Escrito por: Alessandro Fonseca17/07/2026 - 20:00

A delegacia já não tratava André como certeza.

Tratava como dúvida.

Clara entrou na sala de Monteiro com um novo relatório.

— O horário do disparo não coincide com o pico de localização do celular do André.

— Ele poderia ter deixado o celular em outro lugar.

— Poderia. Mas o trajeto registrado pelo carro dele também não fecha com o tempo necessário para executar o crime.

Monteiro ficou em silêncio por alguns segundos.

— Então alguém queria que ele fosse a solução perfeita.

Clara assentiu.

— E alguém tecnicamente competente plantou aquela arma.

Lucas foi chamado novamente.

Dessa vez, o tom mudou.

— O senhor acessou arquivos da empresa da família após o crime.

— Já respondi isso.

— O senhor também esteve na residência do senhor André na semana anterior à apreensão da arma.

Lucas manteve a postura.

— Eu frequentava a casa.

— Com acesso livre?

— Sim.

Clara o encarou diretamente.

— O senhor tinha conhecimento de armas?

A primeira microexpressão de irritação apareceu.

— Isso é ridículo.

Monteiro foi direto:

— Ridículo é alguém tentar manipular uma investigação.

Lucas saiu mais pressionado do que entrou.

Rafael decidiu agir.

Ele entregou à polícia registros antigos de transferências financeiras.

— Por que está fazendo isso agora? — Clara perguntou.

— Porque alguém precisa parar essa merda.

— Está tentando proteger o André?

Rafael não desviou.

— Estou tentando impedir que matem ele por dentro antes de provar qualquer coisa.

Na casa da família, a mãe tomou uma decisão silenciosa.

Ela chamou um antigo funcionário da propriedade rural.

— Você não esteve lá naquela semana.

— Mas eu estive, senhora.

Ela o encarou.

— Você não esteve.

O homem entendeu.

A mentira estava sendo comprada.

Clara recebeu a informação do novo “álibi”.

E não acreditou.

— Isso foi arranjado — disse.

Monteiro respondeu:

— Ainda não podemos provar.

Enquanto isso, no hospital, André recebeu alta.

Frágil.
Mais magro.
Mais quieto.

Rafael estava lá.

Lucas também.

O silêncio entre os três era quase físico.

No apartamento de André, a tensão explodiu.

— Você quase morreu! — Rafael gritou. — Você entende isso?!

— Eu não queria morrer! — André rebateu. — Eu só queria parar de sentir essa porra toda!

Lucas interrompeu:

— Isso não resolve nada.
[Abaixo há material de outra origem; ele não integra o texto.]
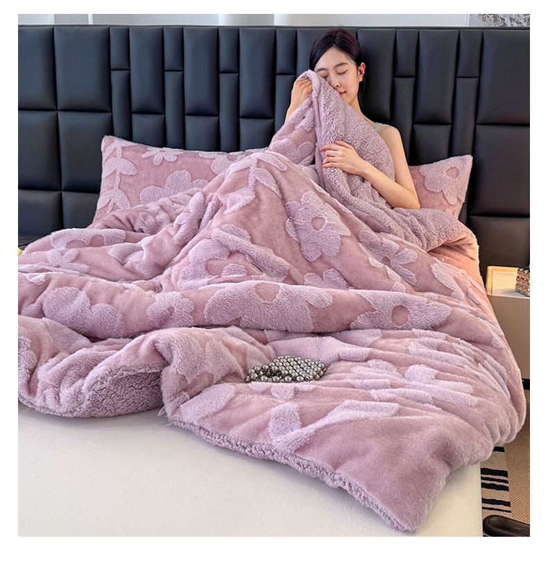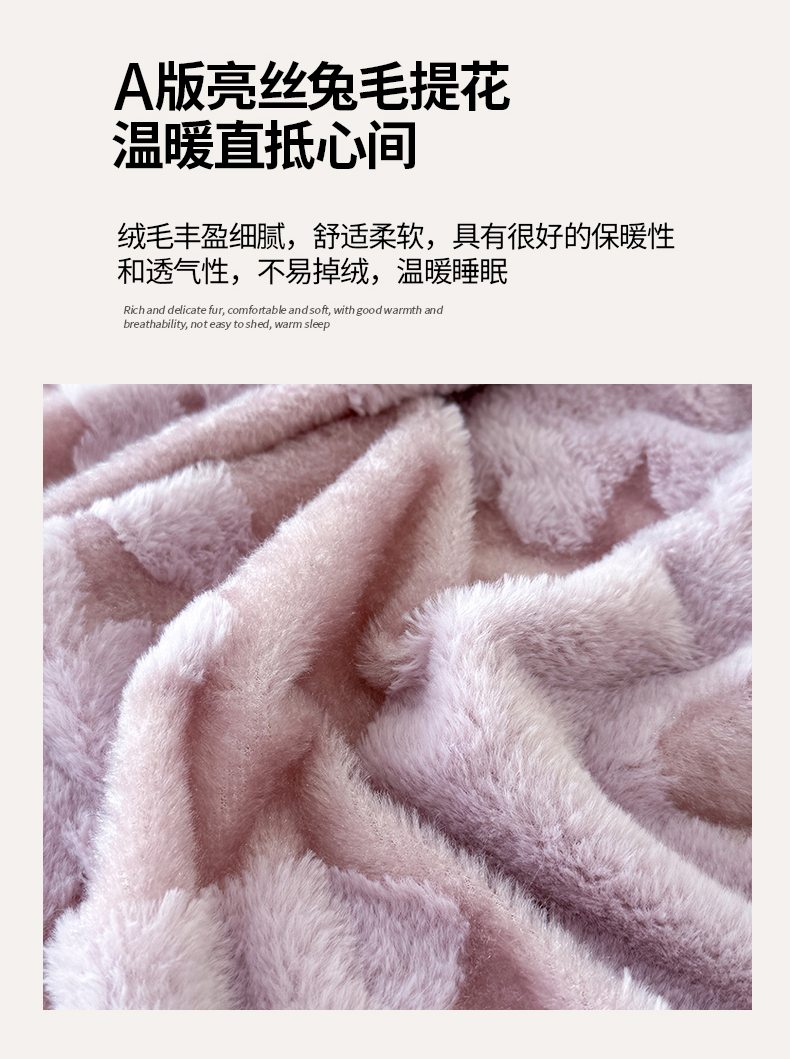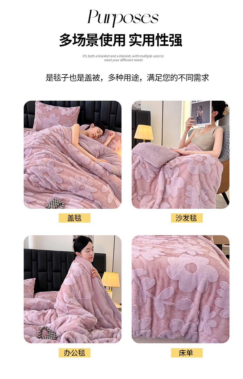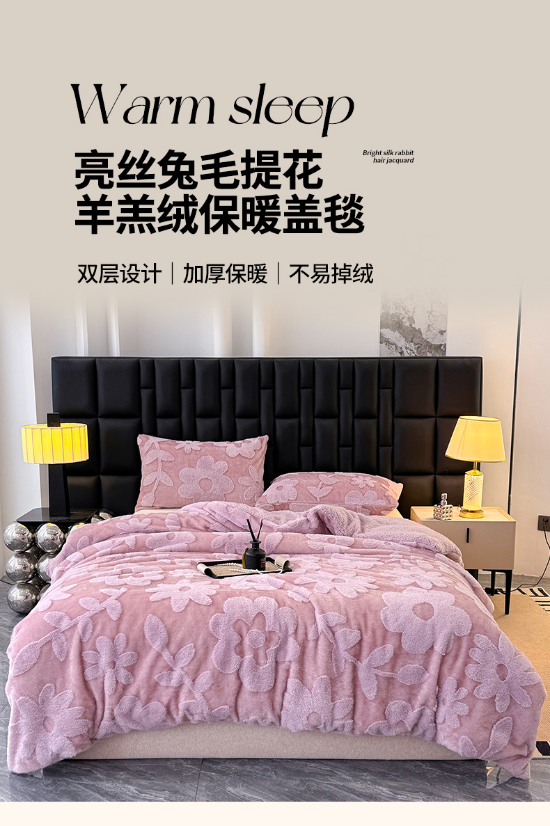 商品名称:枋梢家纺 2025新款亮丝兔毛绒兔毛提花暖居花漾羊羔绒 双层加厚保暖盖毯 居家午睡保暖毯 花漾-紫色

Você só deu mais munição pra eles.

André virou-se para ele.

— Munição? É isso que você enxerga?!

Lucas respondeu frio:

— Eu enxergo consequência.

Rafael avançou.

— Você só enxerga controle!

— E você só enxerga ele como algo pra salvar! — Lucas devolveu.

O clima ficou pesado.

— Eu amo ele — Rafael disse.

A frase caiu como uma bomba.

Lucas riu, nervoso.

— Você ama a culpa que sente por não ter impedido o Eric.

— Vai se foder.

— Fala a verdade!

André começou a tremer de novo.

— Para… para…

Mas nenhum dos dois parava.

— Você usou ele tanto quanto o Eric! — Rafael gritou para Lucas.

— E você nunca teve coragem de assumir nada!
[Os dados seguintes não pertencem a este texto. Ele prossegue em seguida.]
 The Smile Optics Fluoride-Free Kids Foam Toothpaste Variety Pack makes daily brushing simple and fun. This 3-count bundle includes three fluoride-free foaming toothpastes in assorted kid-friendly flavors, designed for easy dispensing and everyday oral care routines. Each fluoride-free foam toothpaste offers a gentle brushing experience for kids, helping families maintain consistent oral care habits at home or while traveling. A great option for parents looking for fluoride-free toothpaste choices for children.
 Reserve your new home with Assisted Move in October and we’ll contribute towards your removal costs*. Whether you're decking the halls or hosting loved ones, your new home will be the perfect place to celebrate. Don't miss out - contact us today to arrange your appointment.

— Eu nunca precisei manipular ninguém pra ficar na cama dele!

Silêncio brutal.

André fechou os olhos.

— Vocês dois usaram meu corpo como se fosse território.

Os dois ficaram imóveis.

Ele continuou:

— Um pra ter controle. O outro pra aliviar culpa.

A voz falhava.

— Eu virei o campo de batalha de vocês.

Rafael tentou se aproximar.

— André…

— Não encosta em mim!

Lucas deu um passo atrás pela primeira vez.

André encostou na parede.

Olhos marejados.

— Eu não sei mais quem eu sou sem essa merda toda.

O silêncio que se seguiu foi diferente.

Não era tensão sexual.

Era ruína emocional.

Capítulo 18 termina com Clara recebendo uma denúncia anônima:

“Procure na propriedade rural. O que foi jogado lá ainda está lá.”

Ela encara Monteiro.

— Se isso for verdade, o jogo muda.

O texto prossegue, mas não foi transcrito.